SUPPLIED MATERIAL:
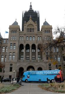Donna Brazile, the chairwoman of the Democratic National Committee, rolled into town in a big blue bus with "Forward Together" emblazoned on the side, urging Utah Democrats to make sure they vote, as the perennial minority party tries to pull off the unthinkable turning Utah blue for the first time since 1964.
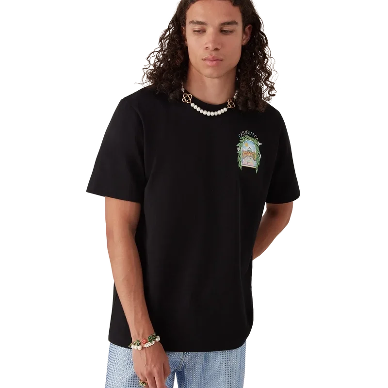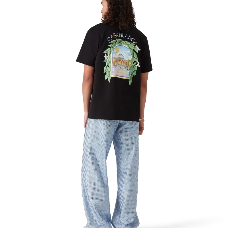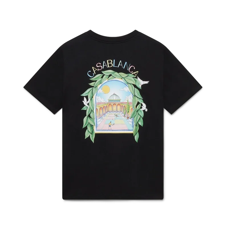 Het L’arche De Tennis T-shirt is een ontwerp met korte mouwen en een seizoensgebonden zeefdrukontwerp waarin de vrije stroom van de natuur samenkomt met de structuur van het door de mens gemaakte ontwerp – de boog, een abstract symbool van kracht. Afgewerkt met een klassieke ronde hals.
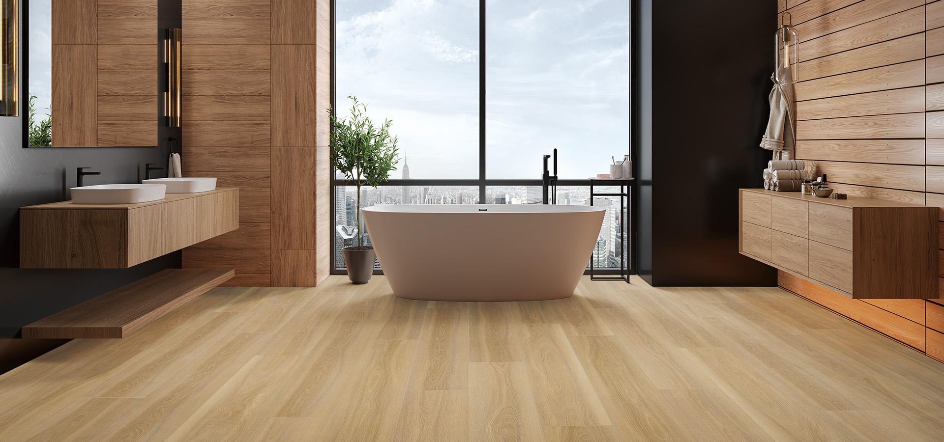 Ultra-clear French Oak visual capturing dynamic grain patterns and color variations only seen on real wood; further heightened by the registered embossing technique that follows the swirling grain and brings real-wood texture to luxury vinyl
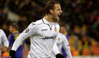 El mejor exponente del rocoso diseño fue el trivote Gago-Albelda-Tino Costa. La idea dejó solos arriba a Guardado, Feghouli y Soldado. Sobre todo, a Soldado. Pellegrino le mandó casi en solitario a la guerra, a una injusta lucha contra la defensa bielorrusa. El delantero asumió el reto. Y lo superó con creces. Muchas son sus virtudes, pero seguro que la más impresionante es buscarse un gol, un disparo, una ocasión. Siempre en el momento oportuno. Lo intentó en el minuto 4, a pase de Gago. Desasistido, desapareció hasta que al borde del descanso se sacó un penalti de la nada, cuando el BATE más apretaba y su equipo más reclamaba la labor del capitán, y lo marcó. Haría dos más, pero eso llegará más tarde.

TASK ITEM:
Reproduce the data above word for word from its first line through the line that holds "Het L’arche De", both ends included; skip pictures.

PROBLEM SOLUTION:
Donna Brazile, the chairwoman of the Democratic National Committee, rolled into town in a big blue bus with "Forward Together" emblazoned on the side, urging Utah Democrats to make sure they vote, as the perennial minority party tries to pull off the unthinkable turning Utah blue for the first time since 1964.
 Het L’arche De Tennis T-shirt is een ontwerp met korte mouwen en een seizoensgebonden zeefdrukontwerp waarin de vrije stroom van de natuur samenkomt met de structuur van het door de mens gemaakte ontwerp – de boog, een abstract symbool van kracht. Afgewerkt met een klassieke ronde hals.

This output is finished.